本节就常见的一些服务的监控配置做一些简单的说明。
1.Nagios目录结构
对应各目录的内容如下:
目录名称 | 目录内容 |
bin | Nagios可执行程序所在目录 |
etc | Nagios配置文件目录 |
sbin | Nagios cgi文件所在目录,也就是执行外部命令所需要文件所在的目录 |
share | Nagios网页存放路径 |
libexec | Nagios外部插件存放目录 |
var | Nagios日志文件、Lock等文件所在的目录 |
var/archives | Nagios日志自动归档目录 |
var/rw | 用来存放外部命令文件的目录 |
2.Nagios配置文件关系
Nagios的配置文件包括:主配置文件、资源文件、对象定义文件和CGI配置文件。主配置文件包含影响Nagios Core守护程序操作方式的许多指令,此配置文件由Nagios Core守护程序和CGI读取;资源文件用于存储用户定义的宏,主要是用来存储敏感的配置信息(如密码),而不使它们可用于CGI;对象定义文件用于定义主机,服务,主机组,联系人,联系人组,命令等;CGI配置文件中包含了一些影响操作指令的CGI,它还包含一个引用主配置文件,知道Nagios的配置内容和对象定义存储的位置,它们的关系如下:
3.Nagios配置文件简介
Nagios安装成功后,会在/usr/local/nagios/etc目录下生成相应的主机,服务、命令、模板等配置文件,同时也可看到之前设置的Nagios授权目录认证文件htpasswed.users,而Object目录是存放一些配置文件模板,主要用于定义Nagios对象。
Nagios配置目录与文件:
Nagios对象模板文件如下:
对应的配置文件简介如下:
配置文件 | 说明 |
cgi.cfg | 控制CGI访问的配置文件 |
nagios.cfg | Nagios主配置文件 |
resource.cfg | 变量定义文件,又称为资源文件,在此文件中定义变量,以便由其他配置文件引用,如$USER1$ |
objects | objects是一个目录,在此目录下有很多配置文件模板,用于定义Nagios对象 |
objects/commands.cfg | 命令定义配置文件,其中定义的命令可以被其他配置文件引用 |
objects/contacts.cfg | 定义联系人和联系人组的配置文件 |
objects/localhost.cfg | 定义监控本地主机的配置文件 |
objects/printer.cfg | 定义监控打印机的一个配置文件模板,默认没有启用此文件 |
objects/switch.cfg | 监控路由器的一个配置文件模板,默认没有启用此文件 |
objects/templates.cfg | 定义主机和服务的一个模板配置文件,可以在其他配置文件中引用 |
objects/timeperiods.cfg | 定义Nagios监控时间段的配置文件 |
objects/windows.cfg | 监控Windows主机的一个配置文件模板,默认没有启用此文件 |
备注: | Nagios在配置方面非常灵活,默认的配置文件并不是必需的。可以使用这些默认的配置文件, 也可以创建自己的配置文件,然后在主配置文件nagios.cfg中引用即可。 |
2.Nagios配置模板简介
Nagios的配置过程可从五个步骤来入手,参见接下来的5节内容:
2.1.定义主机或服务出现问题时要通知的联系人和联系人组
1.contact用于识别在网络中出现问题时应联系的人。
定义格式:
define contact{
contact_name contact_name(*)
alias alias(*)
contactgroups contactgroup_names
host_notifications_enabled [0/1](*)
service_notifications_enabled [0/1](*)
host_notification_period timeperiod_name(*)

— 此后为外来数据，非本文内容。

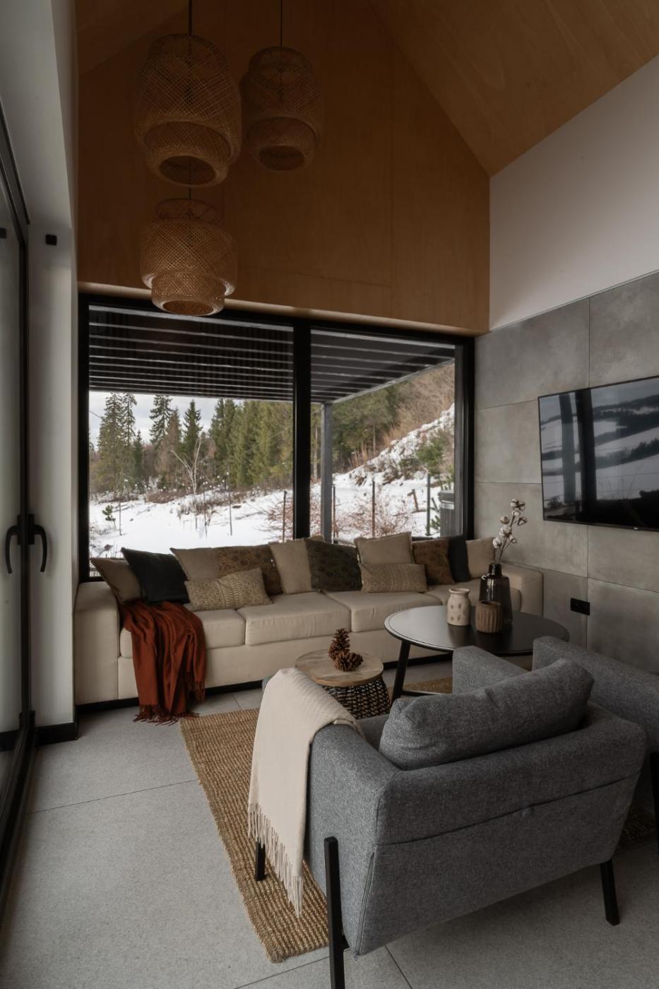 W domku zapewniono taras, kilka sypialni (2), salon z telewizorem z płaskim ekranem, aneks kuchenny ze standardowym wyposażeniem, takim jak lodówka i zmywarka, a także łazienkę (1) z prysznicem. Goście mogą podziwiać widok na góry. W domku zapewniono ręczniki i pościel.

service_notification_period timeperiod_name(*)
host_notification_options [d,u,r,f,s,n](*)
service_notification_options [w,u,c,r,f,s,n](*)
host_notification_commands command_name(*)
service_notification_commands command_name(*)
email email_address
pager pager_number or pager_email_gateway
addressx additional_contact_address
can_submit_commands [0/1]
retain_status_information [0/1]
retain_nonstatus_information [0/1]
...
}
定义样例:
define contact{
contact_name jdoe
alias John Doe
host_notifications_enabled 1
service_notifications_enabled 1
service_notification_period 24x7
host_notification_period 24x7
service_notification_options w,u,c,r
host_notification_options d,u,r
service_notification_commands notify-by-email
host_notification_commands host-notify-by-email
email jdoe@localhost.localdomain
pager 555-5555@pagergateway.localhost.localdomain
address1 xxxxx.xyyy@icq.com
address2 555-555-5555
can_submit_commands 1
}
简单说明下Host_notification_options、service_notification_options:
1)Host_notification_options:
- d = notify on DOWN host states,
- u = notify on UNREACHABLE host states
- r = notify on host recoveries (UP states)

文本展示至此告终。